Карл пожал плечами, внешне поглощенный кормлением сокола. И вдруг спросил с той сверхъестественной проницательностью, какую иногда проявляют дети:
— Если моим регентом будешь ты, почему ты не можешь обучать меня?
— Потому что мне тоже надо многому научиться. — Я тихо засмеялась. — А теперь довольно забавляться с птицей; Бираго ожидает тебя в классной комнате.
С этими словами я наклонилась, чтобы поцеловать его в щеку, и вдруг сын прильнул ко мне, обхватил руками.
— Я люблю тебя, матушка, — услышала я его шепот. — Обещай, что никогда больше не позволишь Гизам нас обижать!
Из всех моих детей именно Карл был менее всего склонен демонстрировать свои чувства, однако я видела, как отчаянно он горевал, когда умер отец, и знала, что он чрезвычайно чувствителен. Я крепче прижала его к себе.
— Обещаю, — прошептала я. — Гизы никогда нас не обидят. Никогда. Я скорее умру, чем допущу это.
Я оставила Карла, чтобы навестить Эркюля, у которого побаливал живот. Затем заглянула к Генриху и Марго, для которых составила жесткое расписание занятий, потом вернулась к делам королевства.
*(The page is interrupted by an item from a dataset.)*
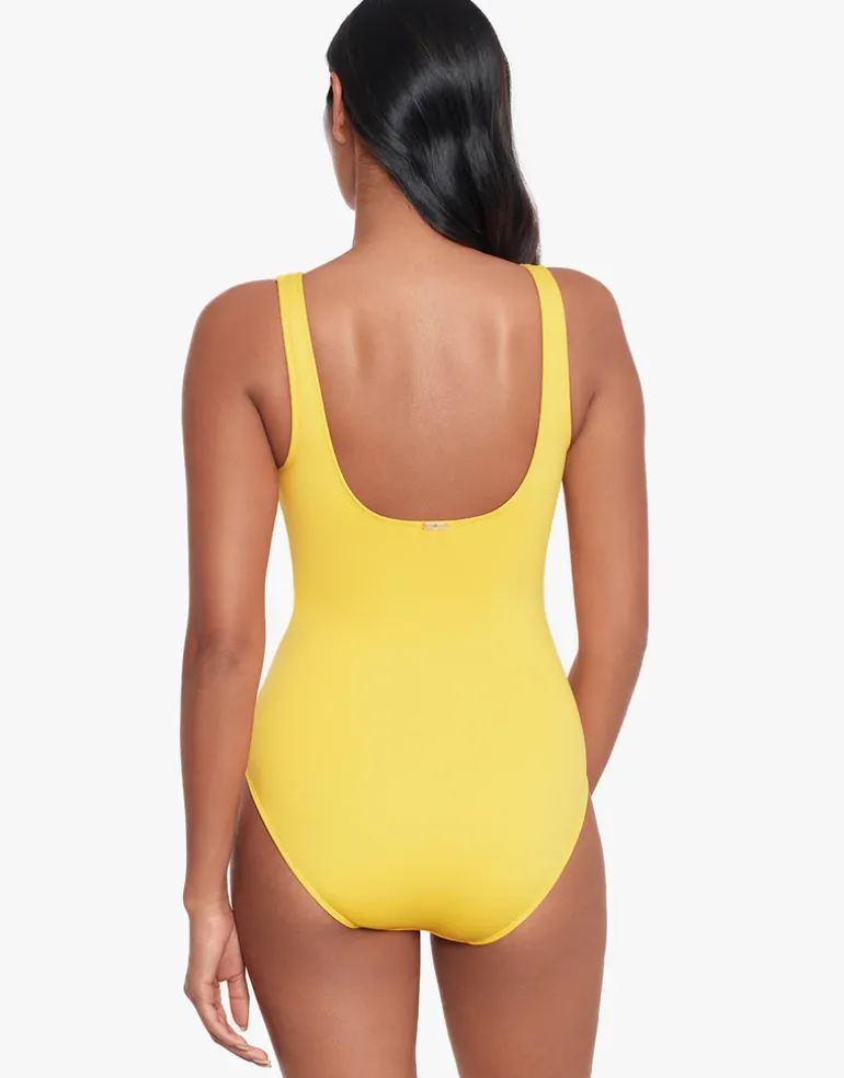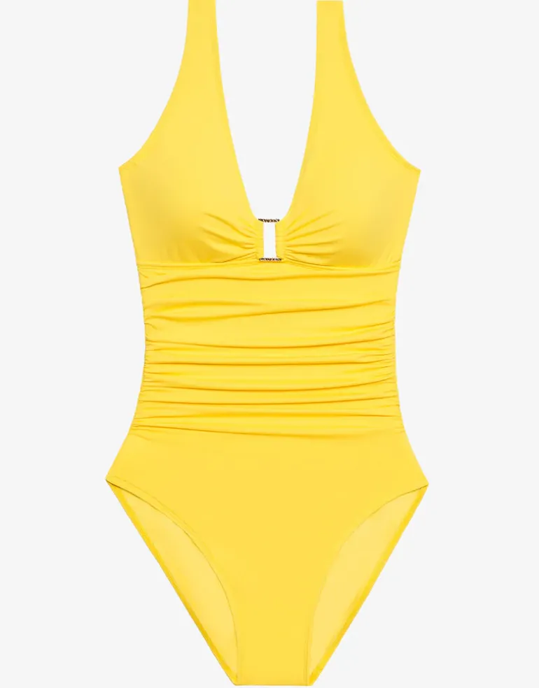 This lovely yellow Ring Front swimsuit from Lauren Ralph Lauren’s Beach Club Solids collection is a great underwired, plunge front style with wide straps and a branded metallic square ring detail at the front. With removable cups, comfortable wide straps and a high scooped back.

Я не солгала Карлу, сказав, что мне еще многому надо научиться. При правлении Генриха мне не доводилось стоять у власти, если не считать недолгого регентства во время войны за Милан, и теперь я оказалась лицом к лицу с множеством сложностей: казна почти пуста, подданные охвачены смятением, правительство в раздорах. Францию повсеместно терзал голод, наследие нескольких чересчур морозных зим при дождливом лете, а потому мне пришлось открыть казенные закрома и раздавать зерно нуждающимся. Бираго предлагал переделать налоговую систему, возложив основную тяжесть податей на дворян, а не на купечество, но сейчас мы с головой погрузились в представление моего эдикта о свободе совести парламенту, где этот документ вызвал жаркие споры. Эдикт был принят незначительным большинством голосов; теперь гугеноты могли вернуться к делам и без помех исповедовать свою веру.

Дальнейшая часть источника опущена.